Wednesday, August 17, 2011

Buenos Aires as a "European" city

Buenos Aires (BA) is sometimes considered the most European of the cities in the Americas.

I know very few cities in the Americas so am not in a position to say whether or not that is true.

But BA is certainly very European. In some ways, it has the feel of an Italian city (mixing latest architectural styles with unkempt traditional buildings). In other ways it is quite Spanish (for example, in language - though its version of Spanish is quite distinct not only from Spanish itself, but also from other South American forms of Spanish). Yet it also has people who have settled here from Africa (some 4% of the population), not to mention Russians, Ukrainians, Latvians, Germans, Greeks, Dutch, Arabs, Armenians, Jews, Gypsies, Chinese, and some hundreds of Indians (if one excludes the thousands of Indian IT and other "temporary" workers).

The most interesting aspect of Argentina is its British (or, more precisely, Scottish) connection. Though only some 100,000 people of Scots origin live in Argentina now, that connection subtly imbues a lot of things in Argentina.

For exmaple:

My wife and I have been here a week and we've had only one warm sunny day, the rest has been cold, grey with rain. We even had giant hailstones one mid-day, but we had got off the bus in the centre of BA - 40 mins on the "rapido" from where we are staying - and were in a cafe eating interesting Argentinian snacks and watching the hail stones on the tv, when we met an older Argentinian twosome who recommended the vegetarian "tart" and started talking with us in English. Towards the end of our meal the man, Sanchez, asked if we liked coffee after lunch. I agreed, so he invited us to a very English shop with a surprise behind it. The window held English-style trousers, jackets and caps, cuff-links, etc and we went through the first part which then went on to displays of pipes, tobaccos, and then a whole wall display of different cigars. But the area then opened into a comfortable "gentleman's club" lounge where we sat and chatted while drinking coffee as Sanchez smoked a cigar and, when my wife declined coffee, looked hard at her and then offered a port. Well, said my wife: yes, please! Interesting, as she had just been looking round the room and thinking, this is where one would drink port! And she had not had one for years. Though she told me that it wasn't as rich and aromatic as those from Portugal. The room had a corner full of small wooden cupboards with keys where members kept their favourite cigars in their own humidors. Not sure whether that was the way things were in London in the 17th to 19th centuries...
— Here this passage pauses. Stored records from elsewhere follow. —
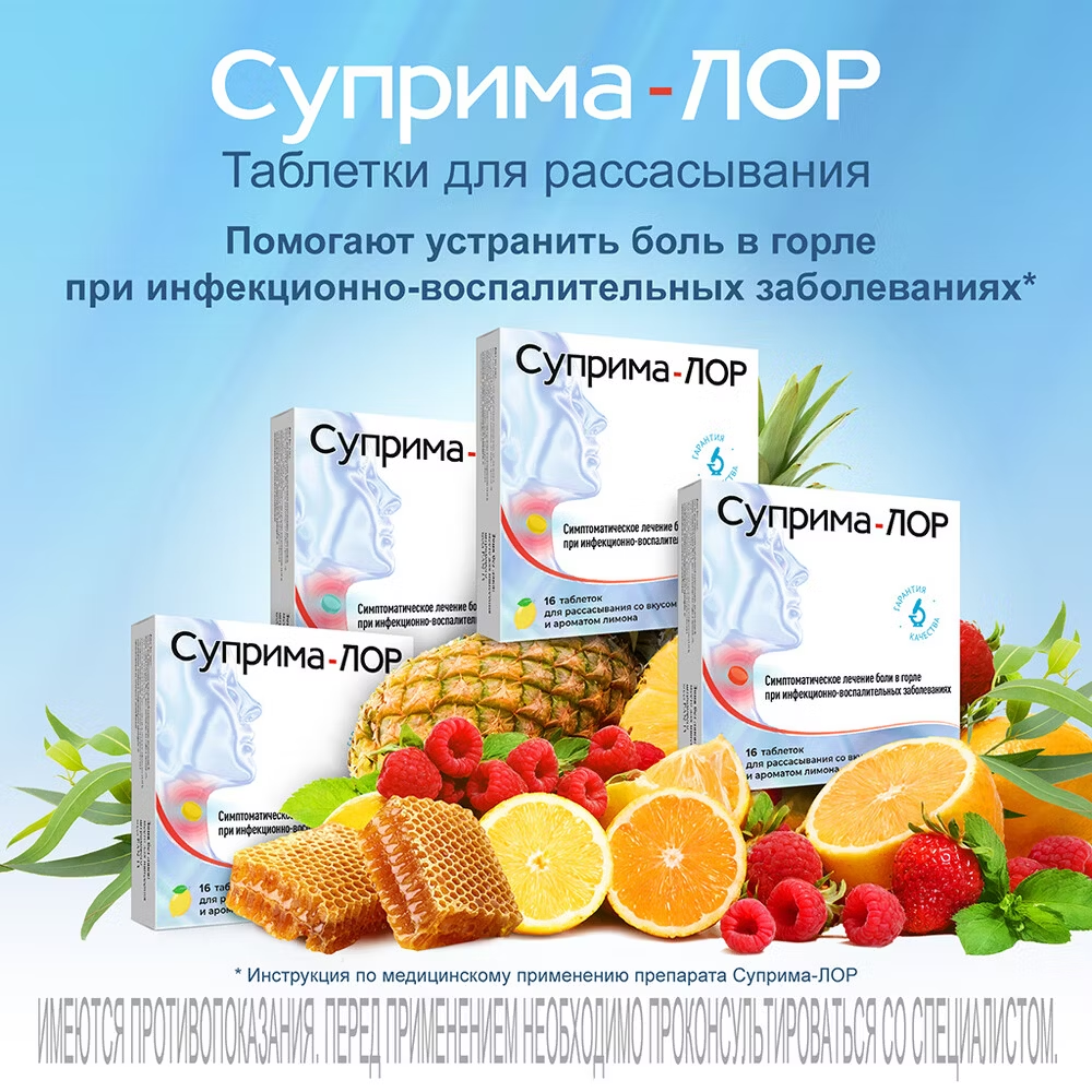 Препарат Суприма-ЛОР оказывает антисептическое действие, активен в отношении грамположительных и грамотрицательных микроорганизмов, обладает антимикотическим действием.
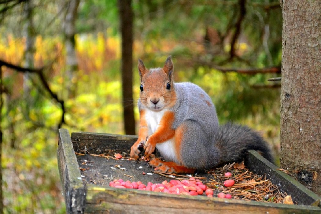 Семьей гуляли в лесу и встретили белочку. Накормили её орешками. Урал, Березники.
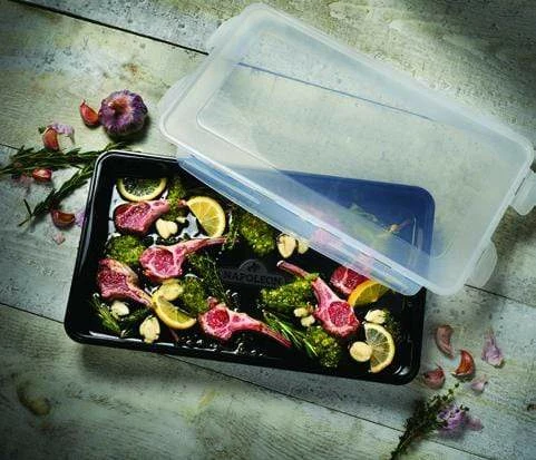 Heavy duty tray to marinate and prepare your meat with vegetables up front.
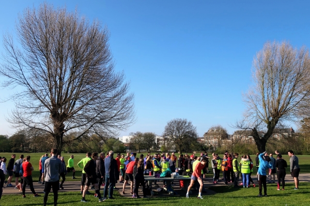 パークランに参加するためには、Tシャツにスニーカーなど、運動に適した格好さえととのえれば、事前予約も財布も必要なく、世界各地で、手ぶらで参加することができます。先月2021年7月19日より、イングランドでのロックダウン規制はいったん完全に解除されたので、マスクの着用義務はありません。

That afternoon we took the subway to visit the Natural Sciences Museum which had a good display of Argentinian birds, of which there are many - in fact, more species than any other area in the world. Very interesting and beautiful. In the city itself, 2e have seen bright yellow fly catchers, "oven birds" with their clay "oven" nests, and a red cardinal - that that last was in a cage hanging on a tree in the street outside a house... My point was only that from museums to gentleman's clubs, the city is still influenced by the few Scots more than most Argentinians (or, for that matter, even the Scots themselves!) realise.
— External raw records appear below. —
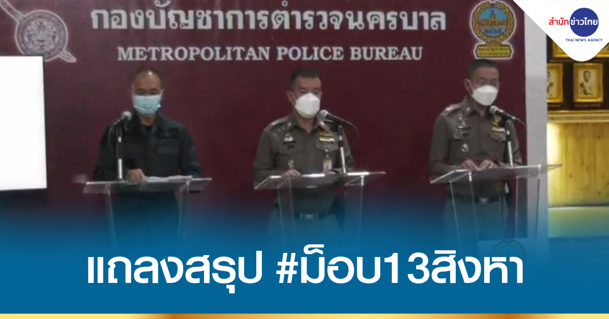 เมื่อเวลา 20.30 น. วันนี้ (13 ส.ค.) ที่กองบัญชาการตำรวจนครบาล พล.ต.ต.ยิ่งยศ เทพจำนงค์ โฆษก ตร. พร้อมด้วย พล.ต.ต.ปิยะ ต๊ะวิชัย รอง ผบช.น. ในฐานะโฆษก บช.น. และ พ.ต.อ.กฤษณะ พัฒนเจริญ รองโฆษก ตร. ได้แถลงสรุปสถานการณ์การชุมนุมของกลุ่มเห็นต่างทางการเมือง เมื่อช่วงเย็นที่ผ่านมา
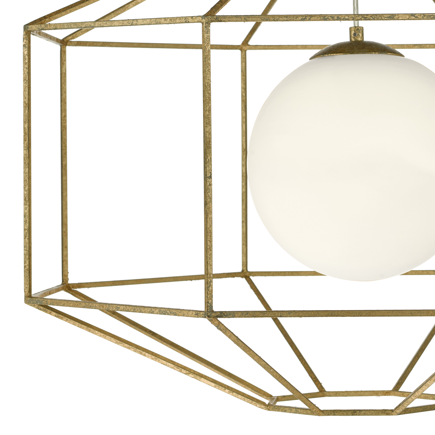 A mid century style single pendant in an old gold finish. A geometric frame encases an opal glass globe. Height adjustable at the point of installation.
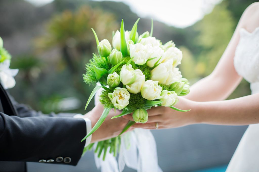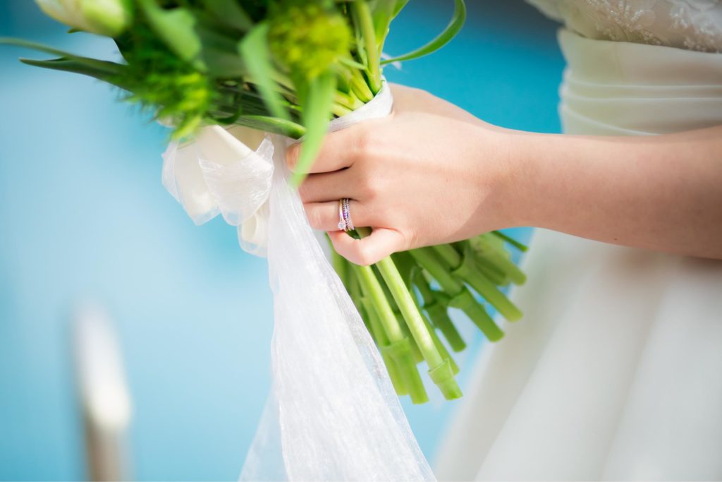 ウエディングドレスのブーケは、

As for the English, their legacy survives in many place names (though other, more obviously British place names were changed following the Falklands War). The legacy also survives in the Anglican churches here as well as in the work of the South America Missionary Society, in the popularity of football and polo, and so on.

In some ways sadly, though probably only to be expected, the Scots and English communities are now fully integrated into Argentina, and even the English Club has disappeared.